Chicago, Illinois - The operators of a Chicago-area fake debt collection scheme have been banned from the debt collection business and from selling debt portfolios under settlements with the Federal Trade Commission and the Illinois Attorney General. The settlements also require them to surrender assets totaling at least $9 million, which will be returned to consumers.

The charges brought by the agencies in March 2016 were part of Operation Collection Protection, an ongoing federal-state-local crackdown on deceptive and abusive collection practices. A federal court had temporarily halted the scheme pending resolution of the case.

According to the FTC, the defendants used names such as Stark Law, Stark Recovery, and Capital Harris Miller to target people who had obtained or applied for payday or other short-term loans. Since 2015, according to the FTC’s complaint, they pretended to be a law firm with authority to sue and obtain substantial judgments against delinquent consumers. They also allegedly provided bogus payday loan debt portfolios to other debt buyers, who then tried to collect the fake debts.

In addition to banning the defendants from the debt collection business and from selling debt portfolios, the settlement orders prohibit them from misrepresenting financial products and services, profiting from customers’ personal information collected as part of the challenged practices, and failing to dispose of such information properly.
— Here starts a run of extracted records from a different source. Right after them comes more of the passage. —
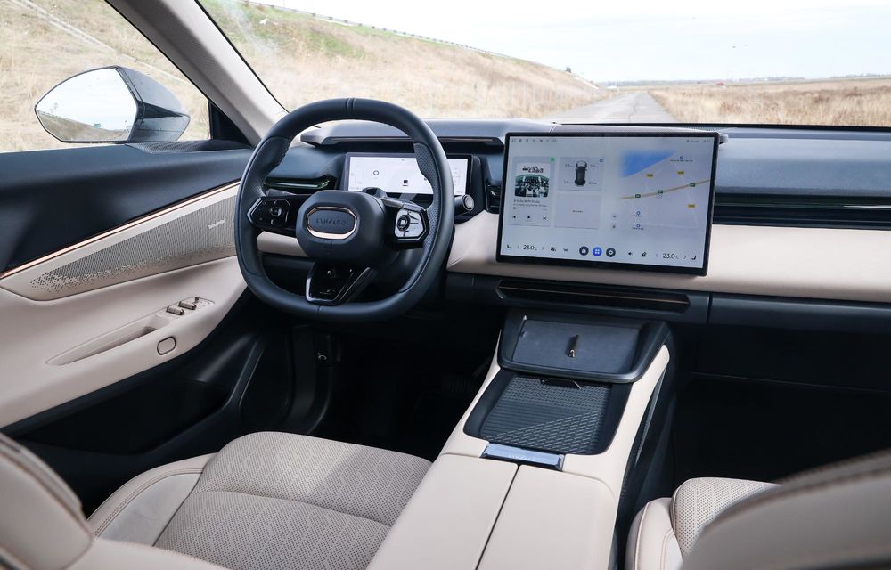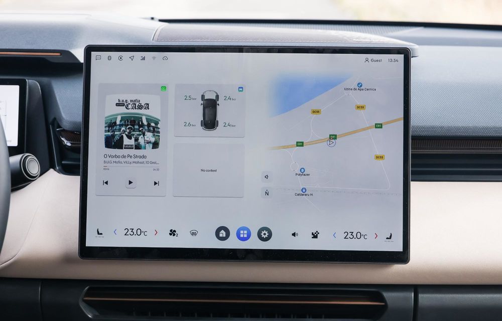 Șoferul primește un instrumentar de bord complet digital, de 10.2 inch, cu o grafică bună, dar care nu este prea configurabil. Ecranul central este imens deoarece are o diagonală de 15.4 inch. Și aici grafica este excelentă și se mișcă fără întârzieri.
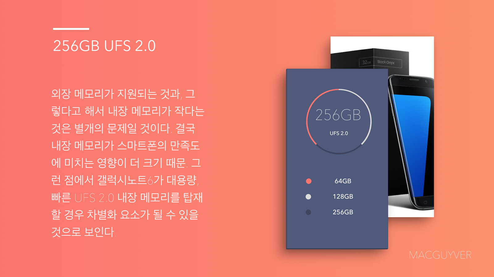 외장 메모리를 지원하지만 UFS 2.0 내장 메모리는 SD 카드 대비 9배 정도 더 빠르기 때문에 속도나 안정성에서 비교가 되지 않는다. 그런 점에서 지난해 겨울, 뒤늦게 갤럭시노트5가 128기가 모델을 내놓은 것이 떠오르기도 한다.
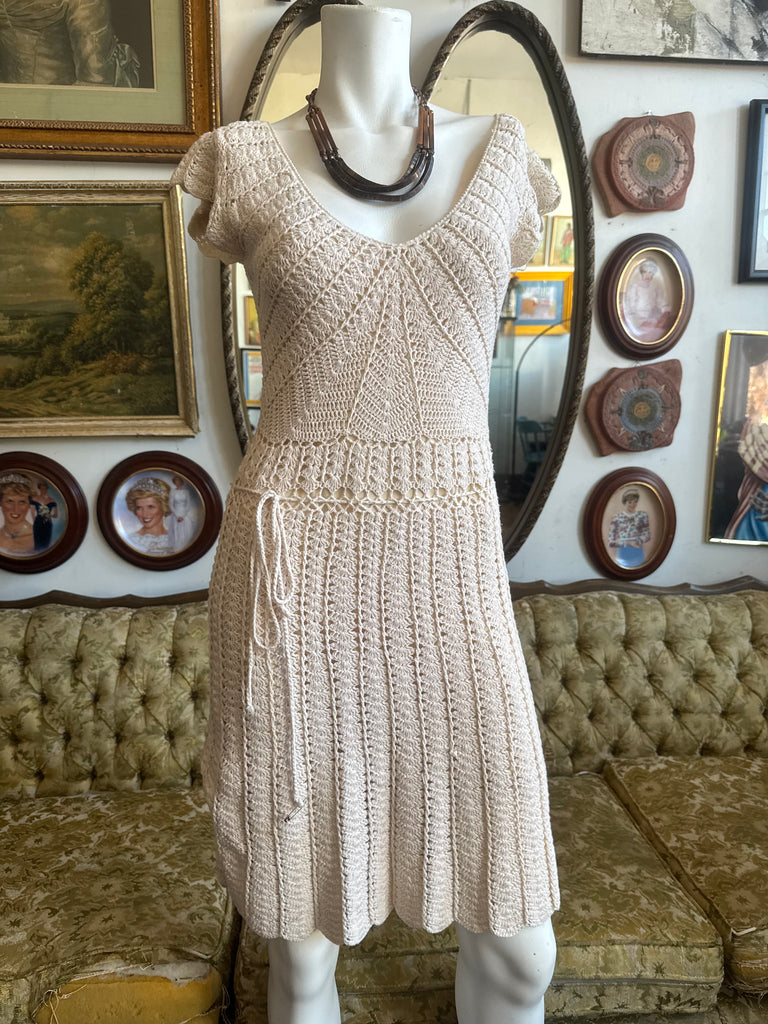 Vintage Secretary Blue All Over Print Vibrant Dress Size Small by Karen Stevens
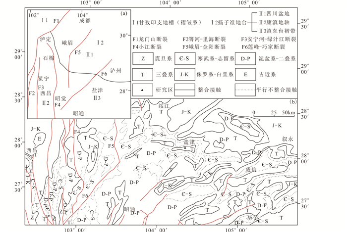 1 区域地质背景根据《云南省地质志》的划分,研究区所在的一级构造单位为扬子准地台,二级构造单元为滇东台褶带(云南省地质矿产局, 1982)(图 1)。经过晋宁运动之后的加里东、海西、印支、燕山、喜马拉雅各构造期,该区沉积了震旦系、古生界、中生界、新生界的巨厚盖层。区内出露的震旦系至白垩系均为整合或平行不整合接触,仅下白垩统与第四系之间为角度不整合接触,表明该区沉积盖层于晚燕山期褶皱定型。其中上古生界与下古生界的广西运动造成的平行不整合是区内最大的沉积间断。关岭组底部绿豆岩在盐津-大关-雷波-永善-沐川四川盆地西南缘一带地表广泛分布,往南至云南昭通一带因关岭组沉积之后的抬升剥蚀而不发育。
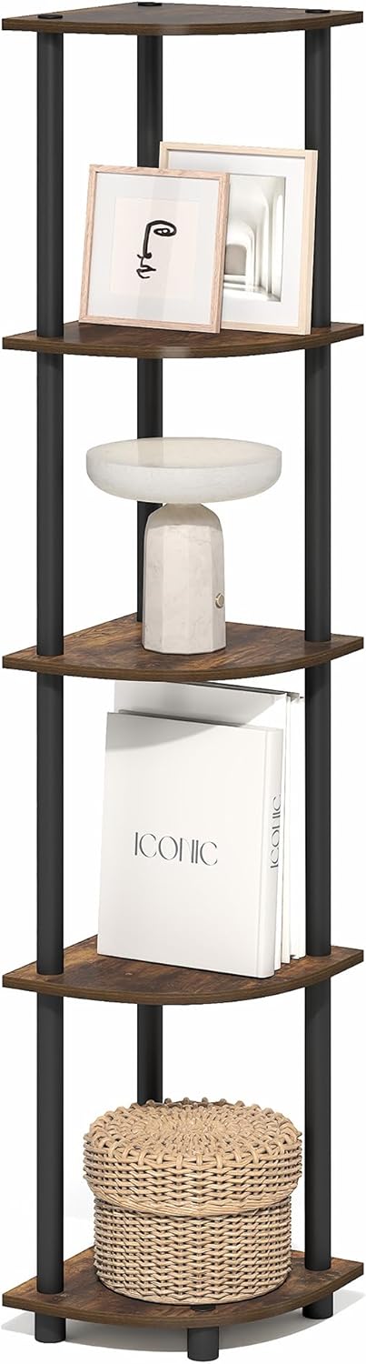Furinno Turn-N-Tube Corner Shelf, 5-Tier Corner Bookshelf, Open Storage Shelves, for Organization and Storage, Living Room, Home Office, Garage, Bedroom, Amber Oak

Each order imposes a judgment of more than $47 million, which will be partially suspended once the defendants have surrendered identified assets valued at more than $9 million. Hirsh Mohindra will give up certain bank and investment accounts, his home and rental properties. His brother, Gaurav Mohindra, will surrender $85,000, a one-kilogram gold bar, certain bank accounts, and his interest in a condominium. Preetesh Patel will give up $41,000 and certain bank and investment accounts. The full judgment will become due immediately if the defendants are found to have misrepresented their financial condition.

The Commission vote approving the proposed stipulated orders was 2-0. The U.S. District Court for the Northern District of Illinois, Eastern Division, entered the orders on October 27, 2017.